If I add the IP address to the static table, then it also works.
socks5 proxy should only resolve valid domains and not a IP address.
Maybe this could be fixed in ROS 7.7.
What do you want to say with this?
Locally resolving of domains with third party tool?
This is not necessary. Other socks proxies do the same like mikrotik socks - remote resolving works fine for vaid domains (for example google.com).
If I want to open an webserver on for example 123.123.123.123, no resolving is necessary by the socks 5 proxy. But mikrotik tries to resolve 123.123.123.123 as domain instead of connecting directly to this IP address.
Software still uses system DNS for host name resolution and commands the Socks server to connect to an IP. This might be default mode or the only supported mode for cases where Socks is implemented lazily.
Software commands the Socks server to connect to hostname. This mode might need to be configured additionally; Firefox and old Opera have special flags to enable this mode.

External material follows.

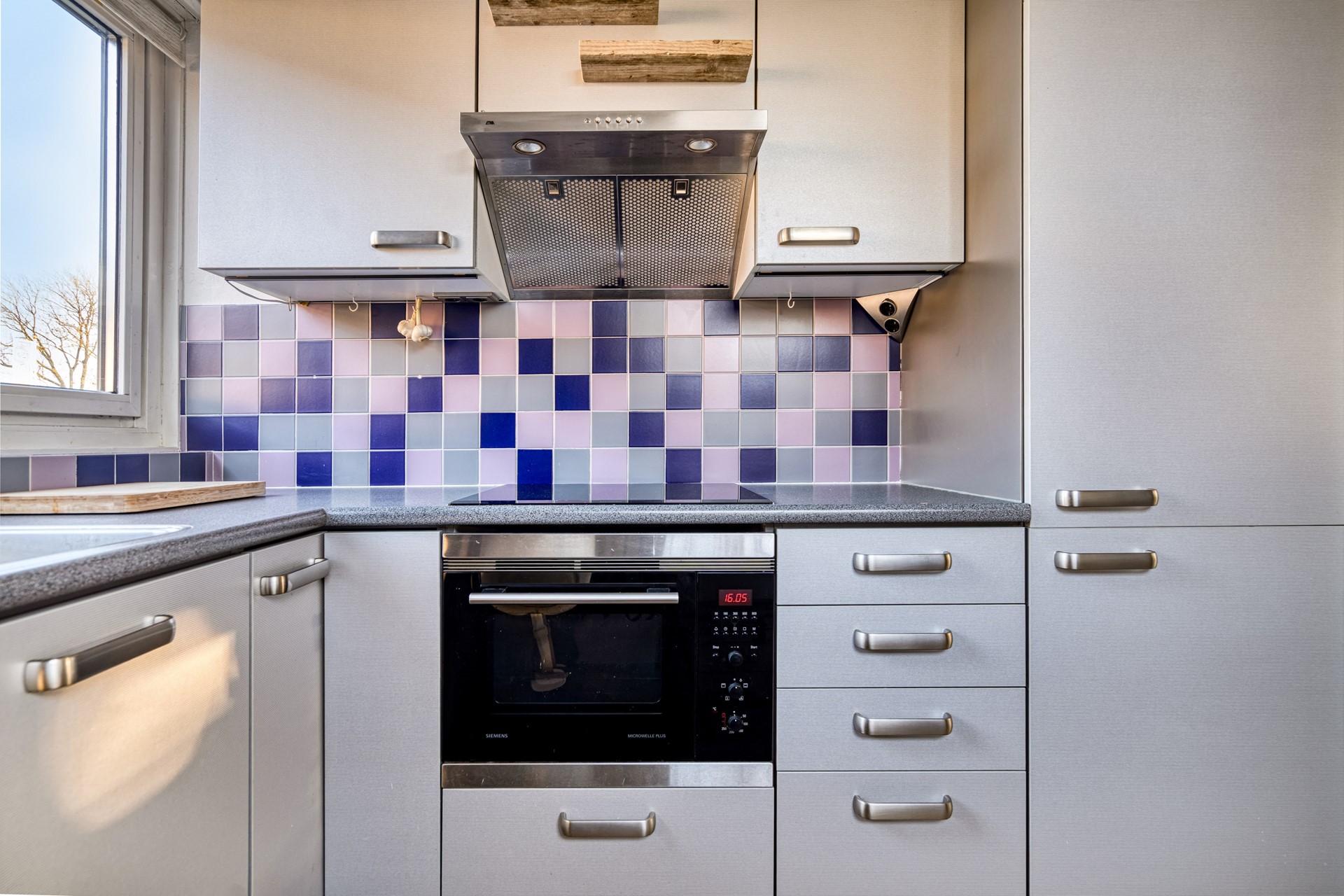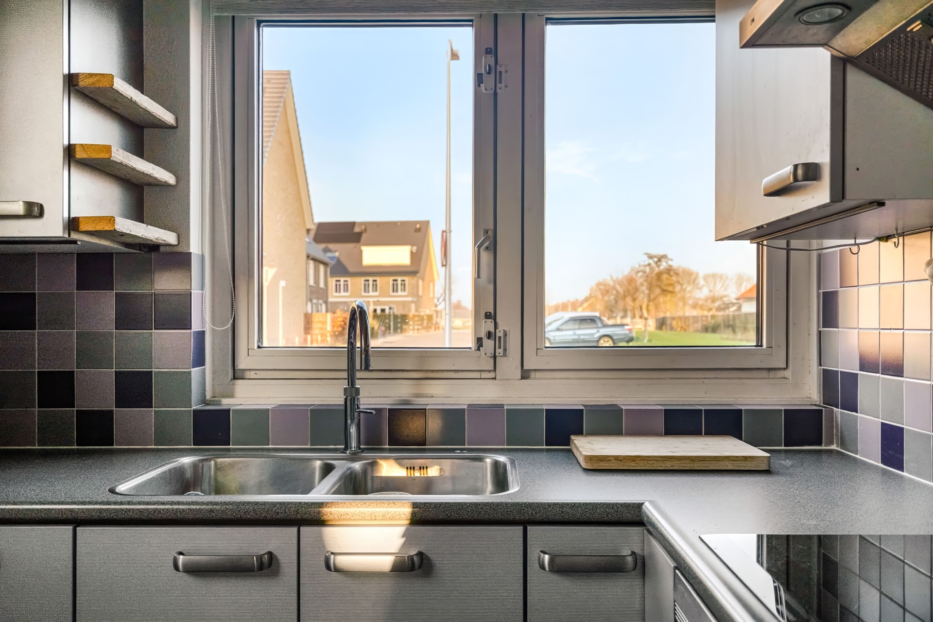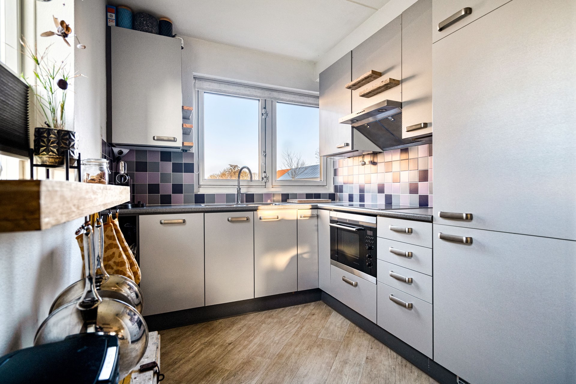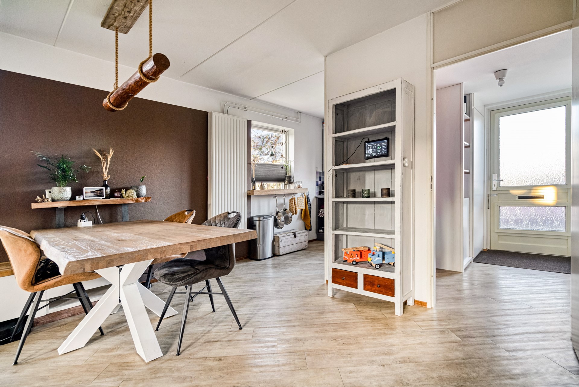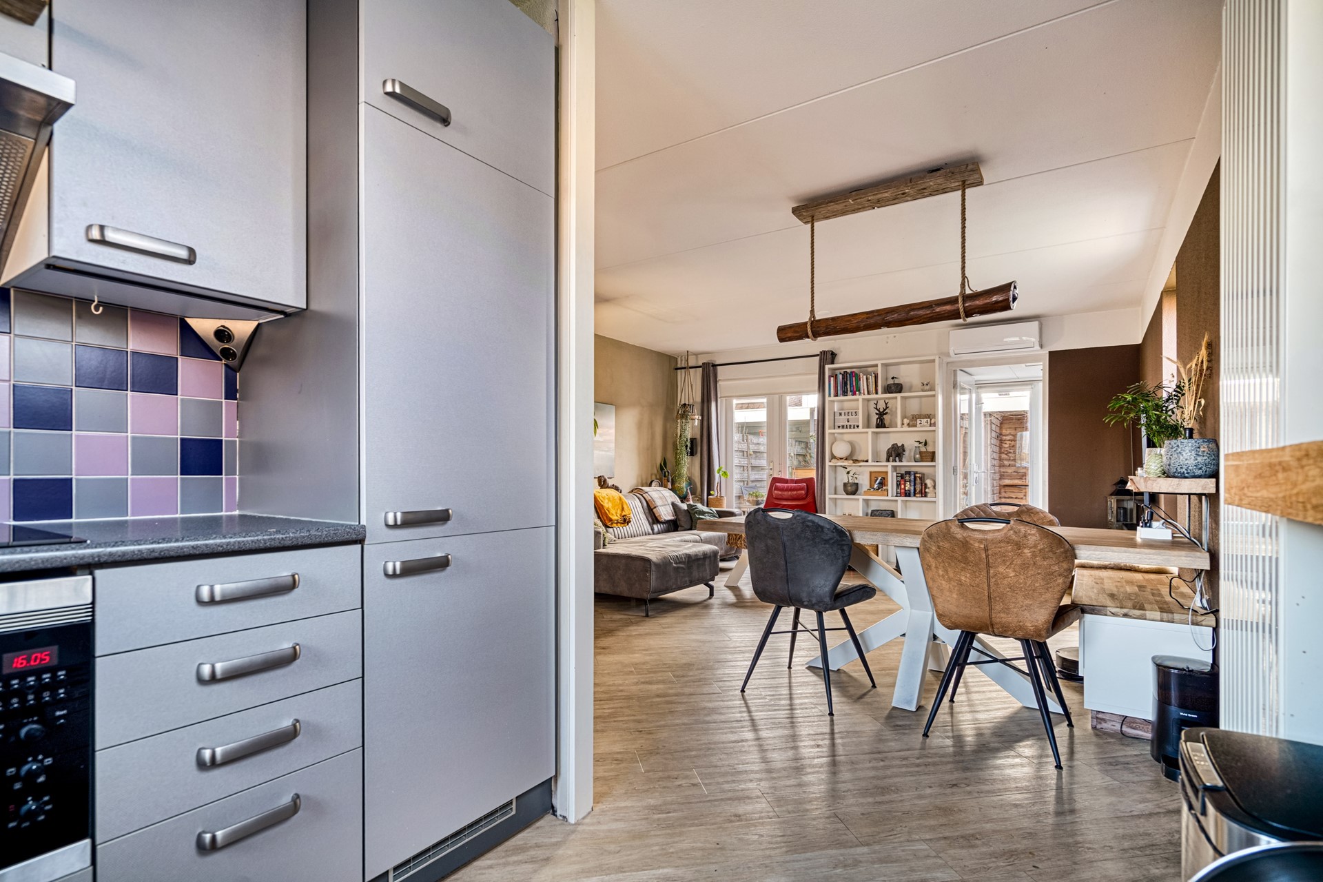 Aan de voorzijde van de woning bevindt zich de keuken, compleet uitgerust met een inductiekookplaat, oven met magnetronfunctie, afzuigkap, vaatwasser en koel-vriescombinatie – praktisch en modern, met uitzicht op de straat.

Software manually performs DNS lookup with UDP-over-Socks and commands the Socks server to connect to an IP. The most crazy mode and it requires a software to know a DNS address but in theory it is possible.
Ok yes, I could resolve it by resolving the hostnames locally or with other tools but RFC shows that remote resolving through the proxy also should work.
With the socks proxy “srelay” for example it works fine.
How to distinguish that 127.127.127.127 is an IP address not the domain?
If 127.127.127. is send to DNS resolver then it asks upper level servers for an answer and receives empty answer.